## WHAT THE EXERCISE ASKS
Give all of the listing again word for word, with images excluded.

## DATASET RECORDS

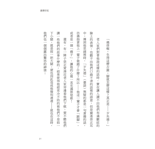 這本書以「並置結構」的方式撰寫,一是他的刻印生涯,先是擔任刻印學徒,再是經營刻印店;另一是他的成長歲月。
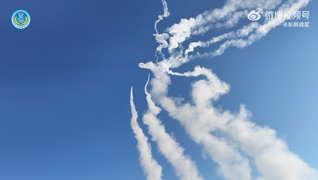 中國解放軍東部戰區2025.12.30對台軍演發射遠程火箭落於台灣24海浬鄰接區內海面。資料照為中方公布畫面,聲稱遠程火力實彈射擊全部命中。翻攝微博
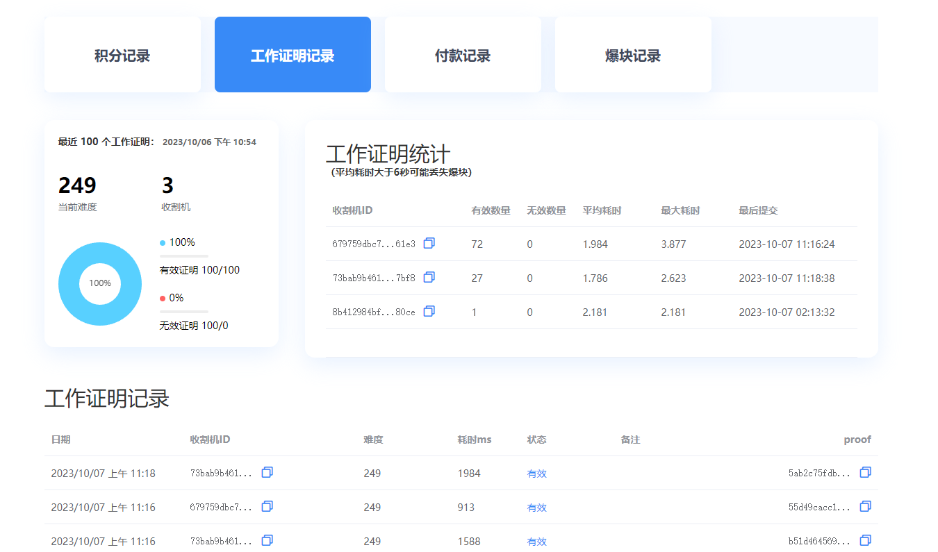 工作证明记录统计每个收割机的信息(有效证明数量、耗时、最后提交时间),通过分析这些指标找到异常的收割机ID,查看对应收割机的日志分析原因
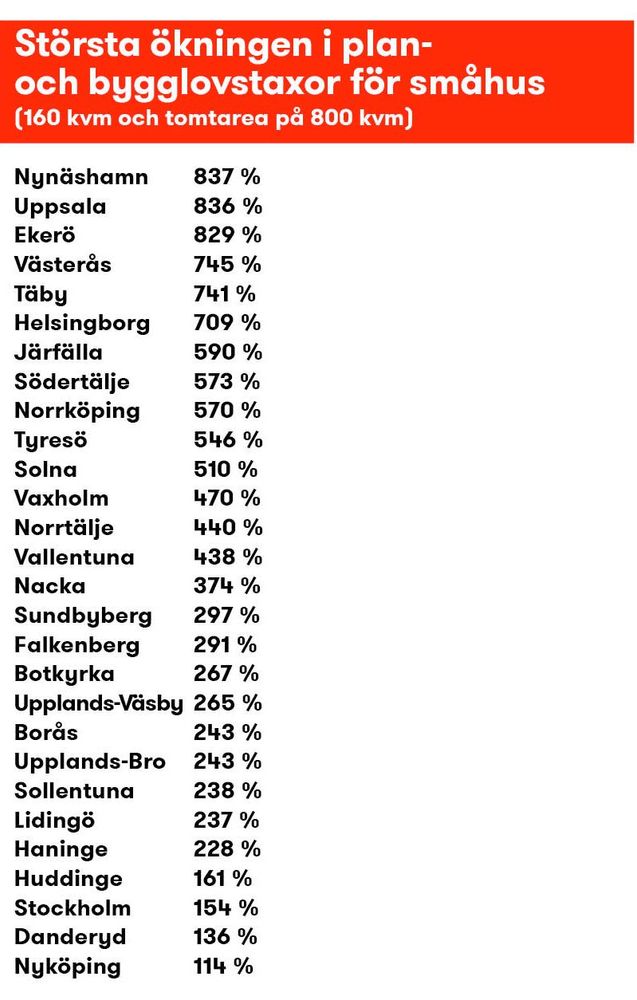 Nu blir det mycket siffror, men det är värt att försöka hänga med. En rapport från Kungliga Tekniska Högskolan (KTH) visar att plan- och bygglovstaxorna i genomsnitt mer än fyrdubblats under perioden 1990-2015. Av de 28 undersökta kommunerna ligger Nynäshamn i topp när det gäller ökning. I denna skärgårdskommun har plan- och bygglovstaxan ökat med, håll i er nu, 837 procent! Och skillnaderna är stora mellan kommunerna.
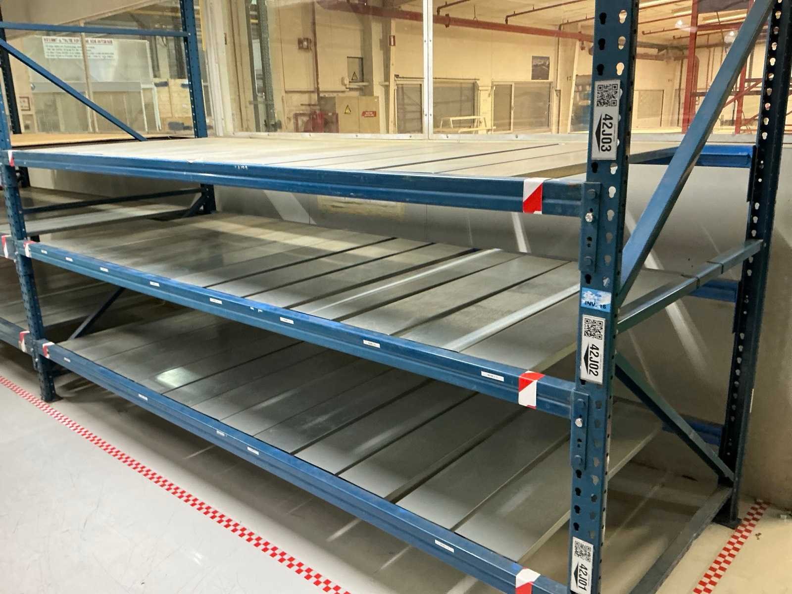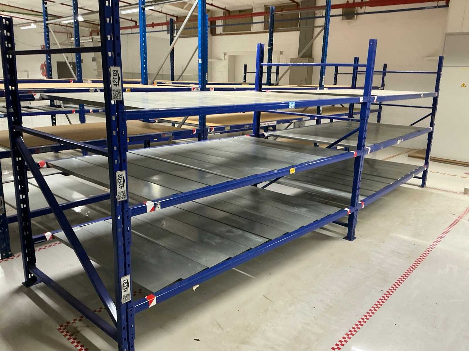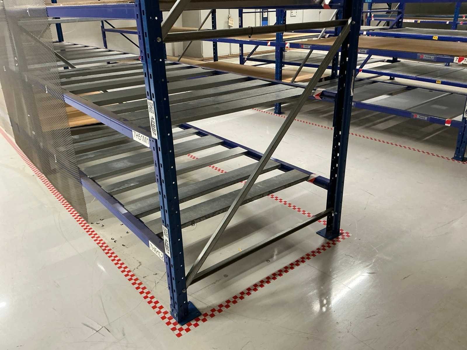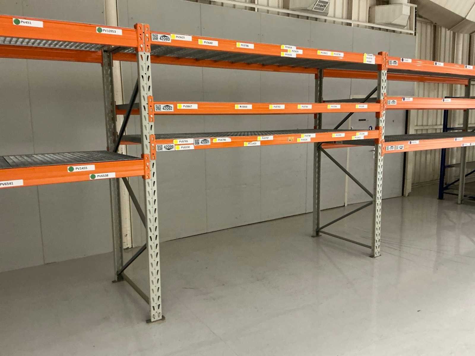 18x ligger oranje 3700mm; 6x ligger oranje 2800mm; 6x staander oranje 2400mm hoog; 12x staander blauw 3000mm hoog; 8x staander blauw 2040mm hoog; 35x ligger blauw 2800mm; 6x ligger blauw 2500mm; diverse legborden en diverse types stellingen; alle stellingen in hal 4-19 No Aantal secties: 19 Sectie diepte: 1300mm Sectie afm. h: 3000mm Aantal staanders: 25 Demontabel: true Materiaal: Staal

## SOLUTION
 這本書以「並置結構」的方式撰寫,一是他的刻印生涯,先是擔任刻印學徒,再是經營刻印店;另一是他的成長歲月。
 中國解放軍東部戰區2025.12.30對台軍演發射遠程火箭落於台灣24海浬鄰接區內海面。資料照為中方公布畫面,聲稱遠程火力實彈射擊全部命中。翻攝微博
 工作证明记录统计每个收割机的信息(有效证明数量、耗时、最后提交时间),通过分析这些指标找到异常的收割机ID,查看对应收割机的日志分析原因
 Nu blir det mycket siffror, men det är värt att försöka hänga med. En rapport från Kungliga Tekniska Högskolan (KTH) visar att plan- och bygglovstaxorna i genomsnitt mer än fyrdubblats under perioden 1990-2015. Av de 28 undersökta kommunerna ligger Nynäshamn i topp när det gäller ökning. I denna skärgårdskommun har plan- och bygglovstaxan ökat med, håll i er nu, 837 procent! Och skillnaderna är stora mellan kommunerna.
 18x ligger oranje 3700mm; 6x ligger oranje 2800mm; 6x staander oranje 2400mm hoog; 12x staander blauw 3000mm hoog; 8x staander blauw 2040mm hoog; 35x ligger blauw 2800mm; 6x ligger blauw 2500mm; diverse legborden en diverse types stellingen; alle stellingen in hal 4-19 No Aantal secties: 19 Sectie diepte: 1300mm Sectie afm. h: 3000mm Aantal staanders: 25 Demontabel: true Materiaal: Staal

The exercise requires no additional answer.